XEPBGJ-AM
- Guadalajara, Jalisco; Mexico;
- Frequency: 630 kHz
- Branding: Jalisco Radio

Programming
- Format: Cultural

Ownership
- Owner: Gobierno del Estado de Jalisco
- Sister stations: XEJB-FM

History
- First air date: May 17, 1941 (formal inauguration) 2017 (current public concession)
- Former call signs: XEJB-AM (1941–2017)
- Call sign meaning: PABF Guadalajara Jalisco

Technical information
- Licensing authority: CRT
- Class: B
- Power: Day: 10 kWs Night: 500 W
- Transmitter coordinates: 20°42′01.08″N 103°23′27.46″W﻿ / ﻿20.7003000°N 103.3909611°W
- Repeater: XEPBPV-AM 1080 Puerto Vallarta (5 kW day)

Links
- Website: jaliscoradio.com

= XEPBGJ-AM =

Public radio station in Guadalajara, Jalisco

XEPBGJ-AM is an AM radio station in Guadalajara, Jalisco. Broadcasting on 630 kHz, XEPBGJ-AM is owned by the government of Jalisco and carries a cultural radio format under the name Jalisco Radio.

==History==
XEPBGJ, known prior to 2017 as XEJB-AM, is among the oldest state-owned radio stations in Mexico. It came to air on May 17, 1941, along with a shortwave counterpart, XEJG. The next month, the stations were formally launched. XEJB originally broadcast on 1000 kHz with XEJG on 4820 kHz. The stations each carried a J for Jalisco in their calls and one initial of then-governor Silvano Barba González's last name. Reports, though, often mangled XEJG's calls as XEJC because Barba González grew to be unpopular when his term concluded in 1943.
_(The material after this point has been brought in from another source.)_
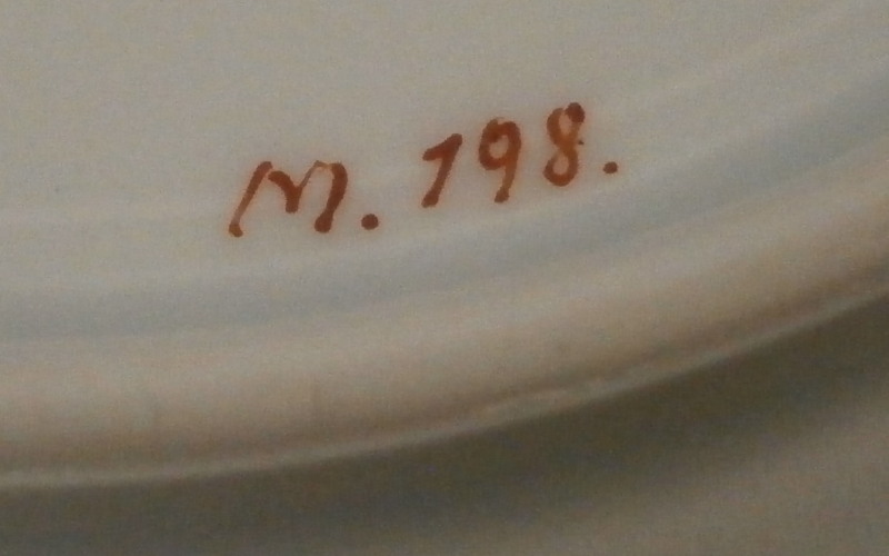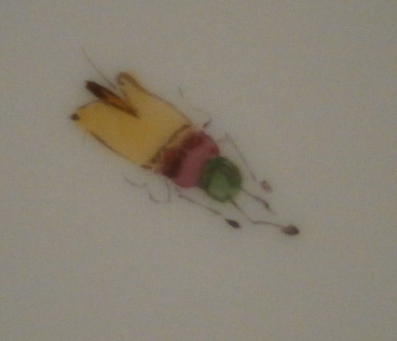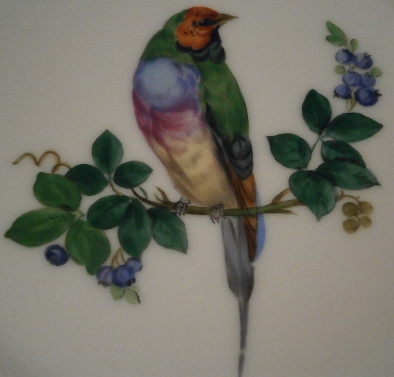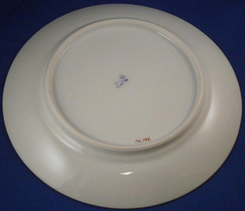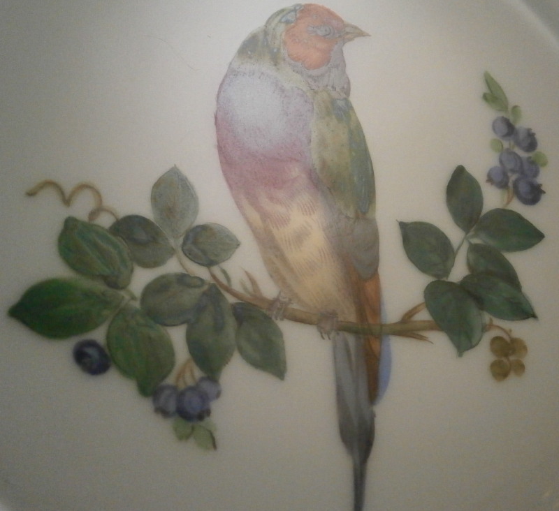 This is an unusual plate made by Fuerstenberg in the 20th century. I have a second one with a different bird if anyone is itnerested in a pair. Very unusual to find pieces that are hand painted byt them from this period as the vast majority of their designs are transfer printed. So it was likely a special order of some sort. The plate is very nicely hand painted with a bird scene in the center including the bird sitting on a branch with leaves and berries on it. The rim has five bugs painted on it and there is a gold trim to the edge. A very elegant piece that looks superb on display. The plate is marked with the underglaze blue F mark under the crown as well as a red number along the foot ring. The piece is about 0.875 inches tall and 8.125 inches in diameter and is in perfect condition. Please email me for more information or photos.

In 1948, XEJB moved to 630 kilohertz; in the early 1950s, XEJG ceased operations. 1960 saw the start of Jalisco's first FM station, the state-owned XEJB-FM on 96.4 MHz (later moved to its modern 96.3), which simulcast the AM station.

In 1999, XEJLV-AM 1080, a daytime-only station in Puerto Vallarta, was permitted, extending the reach of the AM service.

In 2017, the failure to timely renew permits for its AM radio stations in Guadalajara and Vallarta prompted the Sistema Jalisciense de Radio y Televisión, the agency that runs C7, to apply for new radio concessions to continue providing AM radio service. The result was that XEJB-AM became XEPBGJ-AM and its Puerto Vallarta relay became XEPBPV-AM, following a templated callsign pattern used since 2016 for some new radio stations. The station never returned to air because the tower necessary for its operation exceeded height limits for obstructions near the Puerto Vallarta airport, and the concession was surrendered on April 25, 2022.